#### Action item
Beginning with the line of the entries below that holds "[Note]. The USB" and ending with the line that holds "В eFootball 2025", transcribe each line exactly as written. Pictures stay out.

#### Source information
= = =

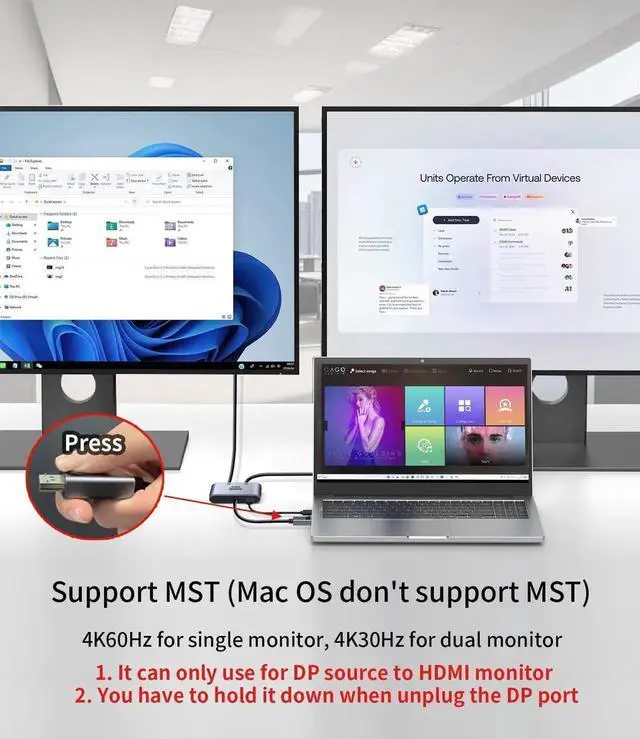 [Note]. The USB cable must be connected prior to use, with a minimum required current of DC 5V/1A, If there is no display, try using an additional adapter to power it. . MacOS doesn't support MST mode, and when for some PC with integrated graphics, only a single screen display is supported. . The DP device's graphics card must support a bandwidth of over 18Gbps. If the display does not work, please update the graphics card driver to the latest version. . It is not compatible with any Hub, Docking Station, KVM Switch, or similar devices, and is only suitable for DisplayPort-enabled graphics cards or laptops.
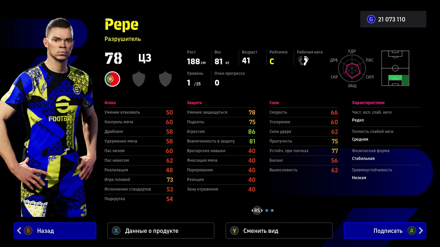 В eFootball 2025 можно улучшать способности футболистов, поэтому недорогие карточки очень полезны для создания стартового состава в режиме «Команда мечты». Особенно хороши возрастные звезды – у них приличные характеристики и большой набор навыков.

= = =

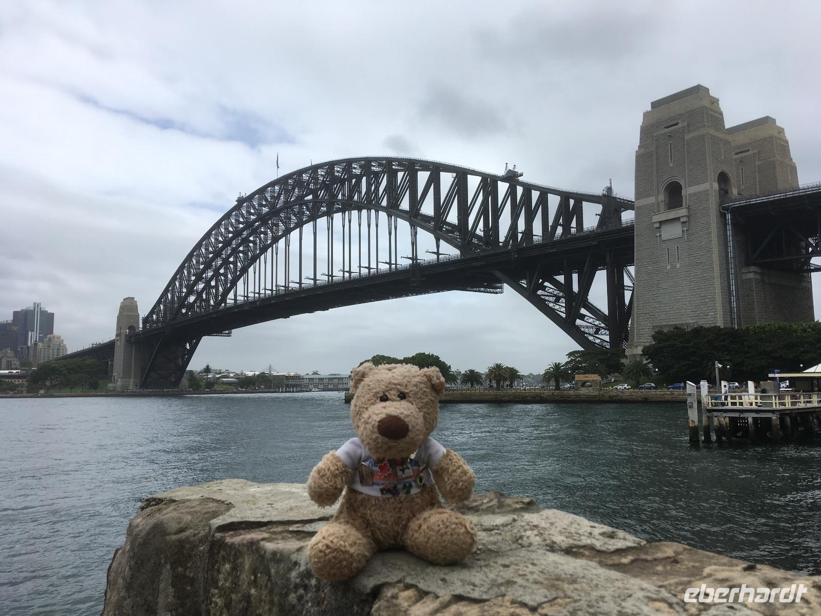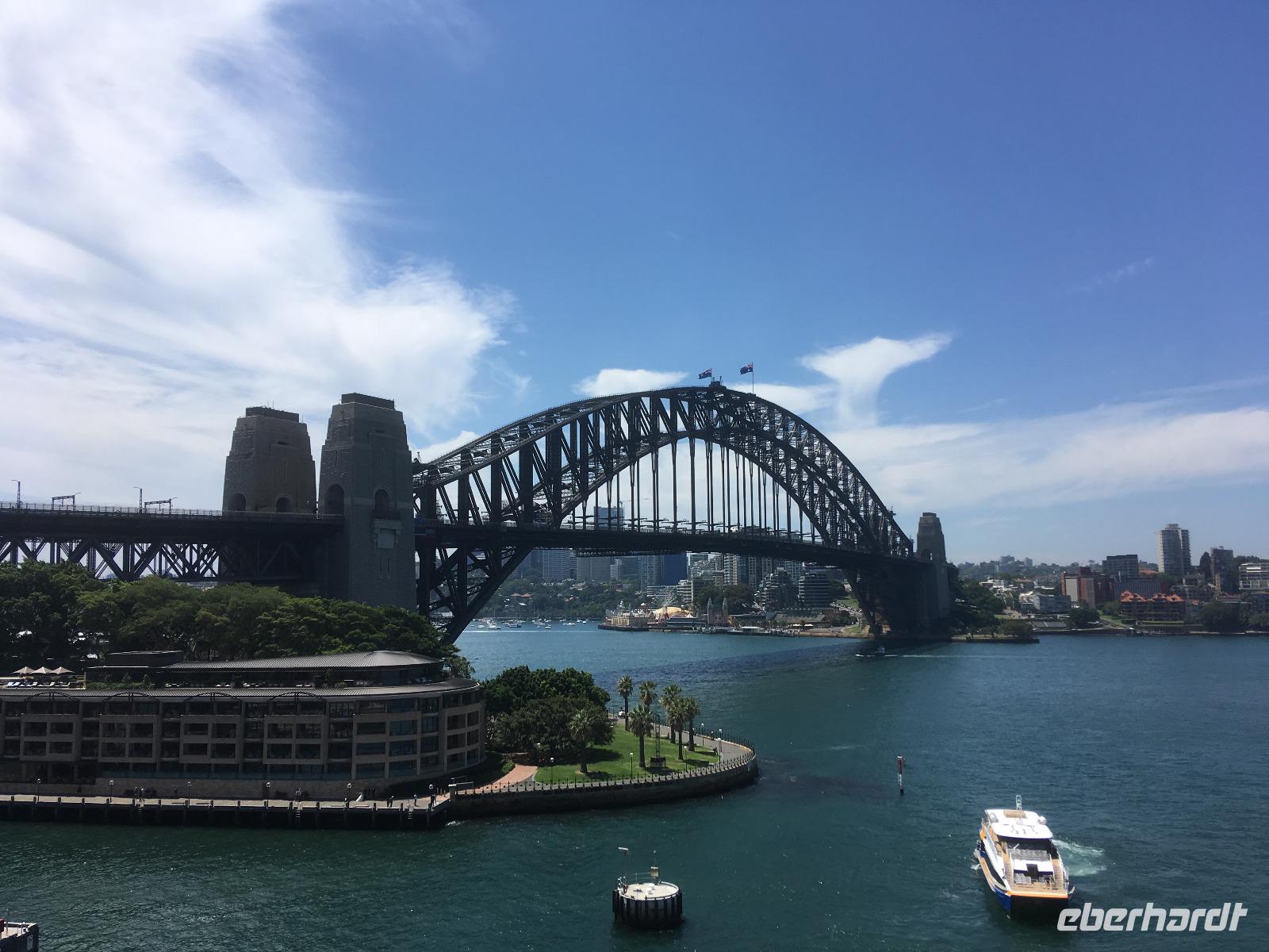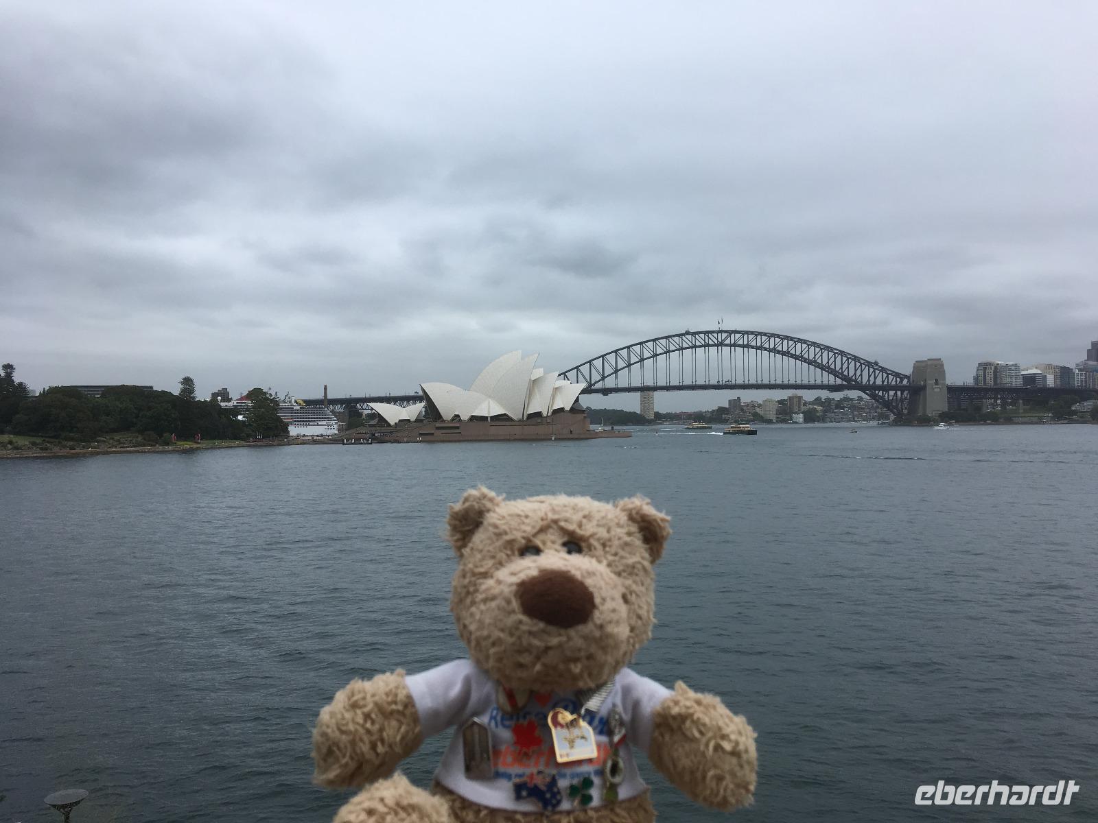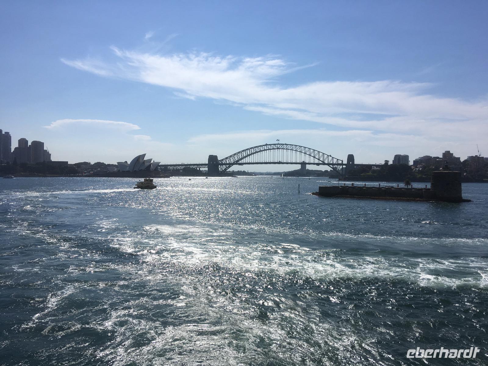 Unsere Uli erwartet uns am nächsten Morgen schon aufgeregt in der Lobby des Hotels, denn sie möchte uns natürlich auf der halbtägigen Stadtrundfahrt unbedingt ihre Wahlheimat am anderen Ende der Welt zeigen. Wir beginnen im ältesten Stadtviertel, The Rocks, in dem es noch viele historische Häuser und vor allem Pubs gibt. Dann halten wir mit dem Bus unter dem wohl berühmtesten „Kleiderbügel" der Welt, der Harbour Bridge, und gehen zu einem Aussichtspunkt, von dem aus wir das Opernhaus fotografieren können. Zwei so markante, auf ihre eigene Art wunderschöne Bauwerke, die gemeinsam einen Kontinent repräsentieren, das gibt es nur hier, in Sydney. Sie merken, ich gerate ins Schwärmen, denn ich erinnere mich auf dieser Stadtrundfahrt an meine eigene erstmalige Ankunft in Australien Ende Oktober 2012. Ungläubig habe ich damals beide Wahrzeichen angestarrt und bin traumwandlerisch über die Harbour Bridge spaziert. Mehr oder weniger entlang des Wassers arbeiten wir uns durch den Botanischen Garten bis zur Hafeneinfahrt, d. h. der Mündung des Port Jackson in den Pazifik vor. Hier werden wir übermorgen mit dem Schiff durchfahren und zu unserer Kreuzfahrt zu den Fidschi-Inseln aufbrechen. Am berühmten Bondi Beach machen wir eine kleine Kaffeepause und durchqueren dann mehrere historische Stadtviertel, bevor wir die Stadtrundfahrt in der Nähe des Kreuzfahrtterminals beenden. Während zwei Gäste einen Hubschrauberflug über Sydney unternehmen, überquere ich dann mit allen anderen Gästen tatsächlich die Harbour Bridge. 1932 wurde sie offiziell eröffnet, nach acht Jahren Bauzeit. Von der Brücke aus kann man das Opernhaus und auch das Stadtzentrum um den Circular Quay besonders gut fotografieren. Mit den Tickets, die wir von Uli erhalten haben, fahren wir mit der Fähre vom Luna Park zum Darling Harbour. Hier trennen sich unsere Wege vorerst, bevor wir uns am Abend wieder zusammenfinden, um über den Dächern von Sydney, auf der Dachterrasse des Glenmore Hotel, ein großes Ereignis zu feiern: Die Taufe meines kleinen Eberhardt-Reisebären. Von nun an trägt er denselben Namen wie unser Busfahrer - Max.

= = =

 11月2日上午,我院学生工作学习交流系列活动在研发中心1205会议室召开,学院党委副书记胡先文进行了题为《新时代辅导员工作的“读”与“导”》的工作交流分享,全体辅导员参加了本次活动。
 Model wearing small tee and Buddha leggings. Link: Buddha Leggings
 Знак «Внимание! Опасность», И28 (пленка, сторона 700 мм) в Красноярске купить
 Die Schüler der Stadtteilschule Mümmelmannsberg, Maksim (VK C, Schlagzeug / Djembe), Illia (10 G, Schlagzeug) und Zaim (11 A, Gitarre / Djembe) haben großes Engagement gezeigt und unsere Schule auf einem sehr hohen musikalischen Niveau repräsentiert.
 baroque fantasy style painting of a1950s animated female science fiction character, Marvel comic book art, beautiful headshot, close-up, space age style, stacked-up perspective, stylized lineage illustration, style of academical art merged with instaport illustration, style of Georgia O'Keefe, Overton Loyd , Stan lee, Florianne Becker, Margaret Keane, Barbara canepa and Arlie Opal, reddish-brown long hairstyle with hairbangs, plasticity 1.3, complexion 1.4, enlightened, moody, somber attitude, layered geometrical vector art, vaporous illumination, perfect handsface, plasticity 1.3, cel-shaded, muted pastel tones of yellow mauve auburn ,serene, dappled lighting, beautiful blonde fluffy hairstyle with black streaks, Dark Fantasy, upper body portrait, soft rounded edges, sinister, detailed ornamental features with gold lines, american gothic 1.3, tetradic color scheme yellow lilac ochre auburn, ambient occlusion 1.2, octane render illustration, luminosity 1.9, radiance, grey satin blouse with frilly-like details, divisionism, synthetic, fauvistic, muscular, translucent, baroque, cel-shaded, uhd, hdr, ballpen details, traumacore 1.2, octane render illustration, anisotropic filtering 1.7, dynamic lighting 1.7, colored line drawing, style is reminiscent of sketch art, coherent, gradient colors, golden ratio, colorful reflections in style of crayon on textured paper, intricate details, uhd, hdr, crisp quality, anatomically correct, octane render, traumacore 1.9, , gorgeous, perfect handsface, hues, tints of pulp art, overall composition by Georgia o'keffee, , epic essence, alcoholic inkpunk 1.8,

= = =

#### Answer to this exercise
 [Note]. The USB cable must be connected prior to use, with a minimum required current of DC 5V/1A, If there is no display, try using an additional adapter to power it. . MacOS doesn't support MST mode, and when for some PC with integrated graphics, only a single screen display is supported. . The DP device's graphics card must support a bandwidth of over 18Gbps. If the display does not work, please update the graphics card driver to the latest version. . It is not compatible with any Hub, Docking Station, KVM Switch, or similar devices, and is only suitable for DisplayPort-enabled graphics cards or laptops.
 В eFootball 2025 можно улучшать способности футболистов, поэтому недорогие карточки очень полезны для создания стартового состава в режиме «Команда мечты». Особенно хороши возрастные звезды – у них приличные характеристики и большой набор навыков.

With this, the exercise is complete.